By Samuel Payne

AGBT, Marco Island 2010

I just got back from AGBT in Marco Island, Florida and I am still in awe. As noted in the name, this conference highlights advances in both genome biology and technology. The biology seemed to be very human genome centric. Many of the talks presented full genome sequences of cancer genomes or familial cohorts. Some of the numbers that people threw around were shocking. It was only a short time ago that Craig Venter came out with the first personal genome, and now sequencing centers like Washington University in St. Louis and the Broad are talking about sequencing hundreds of human genomes in a year. I was really impressed by a talk from Wash-U where they sequenced 4 exomes for Miller’s syndrome – two normal parents and two affected children - and discovered the causative gene. They were also very honest about their efforts not being as readily successful in a variety of other Mendelian autosomal recessive traits.

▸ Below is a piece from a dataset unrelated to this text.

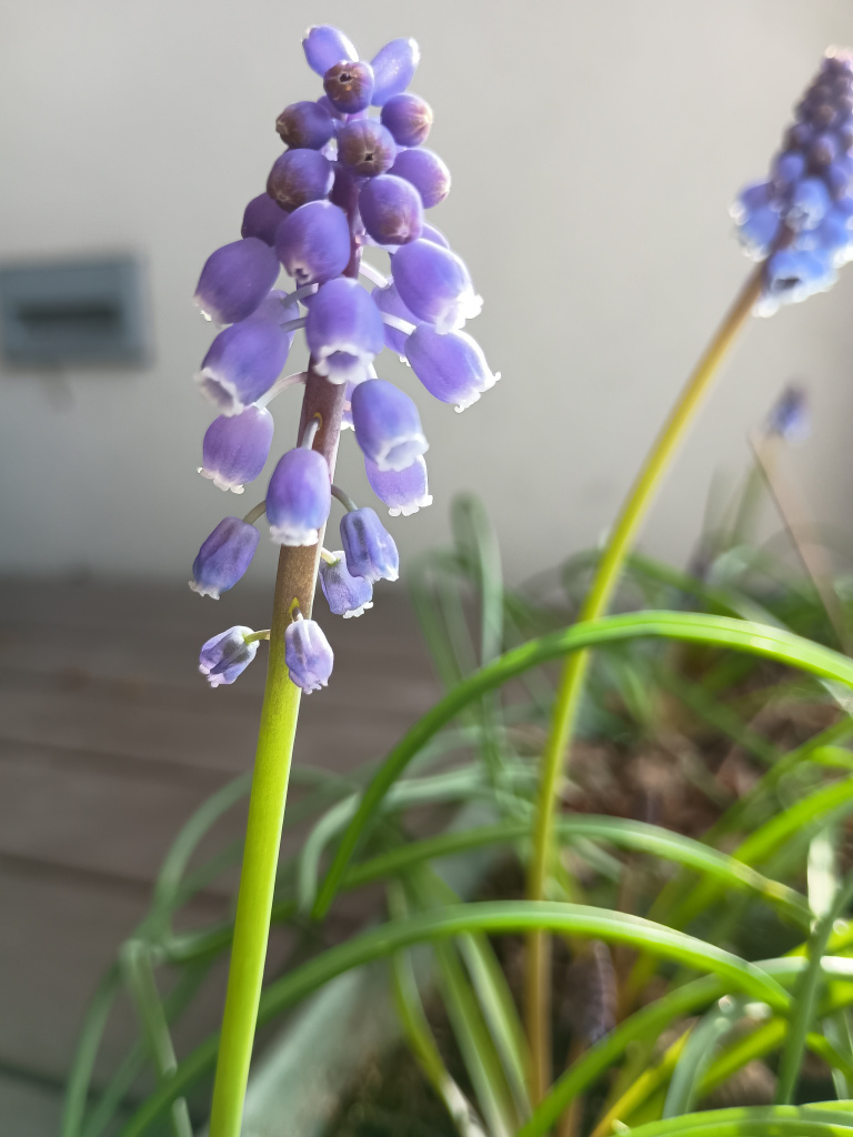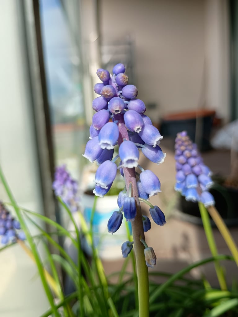 Grape hyacinths are in full bloom right now. Lovely flowers and they grow like weeds. They multiply so quickly. They are forbidden in the vegs patch for this reason.

One of the more interesting fallouts from all this sequencing is that everyone is submitting to dbSNP; I think that soon nearly every base will have a SNP. Unfortunately people are currently using dbSNP to filter out candidate SNPs for their study. Their logic runs something like, “If it’s in dbSNP then it must be benign.” You can easily see that with the sequencing of several hundred cancer genomes, this proposition will no longer hold. dbSNP will hold a vast array of deleterious SNPs. What it needs to transform into is not just a database of ‘Chr17:2345656 A->T’, but rather something that keeps track of frequency and phenotype. Also there was a discussion about false-discovery rates, and how to keep databases clean. Some of these studies were going to submit 18 million new SNPs, with a 10% FDR. That’s 2 million false positives :(

The technology portion of the conference was amazing. There were new instruments being rolled out by numerous companies, and they were all promising. I loved sitting and listening to the clever new set-ups. There were several single molecule sequencers which I am very excited for – because we can hopefully get past metagenomic pools and on to metagenomic genomes.

I was lucky to be chosen as a presenter in the Genome Informatics session on Thursday evening. There were lots of talks about RNA-seq and getting more out of your sequencing data. So I felt like a bit of an outsider not talking about sequencing. My presentation was on proteogenomics, which uses proteomic data to improve genome annotation. Then major thrust for this audience is that genome annotation is far from perfect, and proteomics evidence can reveal many novel proteins in every genome that I’ve come across. I think that as biology expands past E. coli and B. subtilis into the vastness of genome diversity, we are seeing genes that look nothing like we’ve ever imagined. Rather, as I point out in the talk, we are often NOT seeing these new genes because gene predictors fail to recognize them. I’ve attached the slides to the post for your viewing pleasure (Payne.AGBT.2010.pptx). Let me know what you think.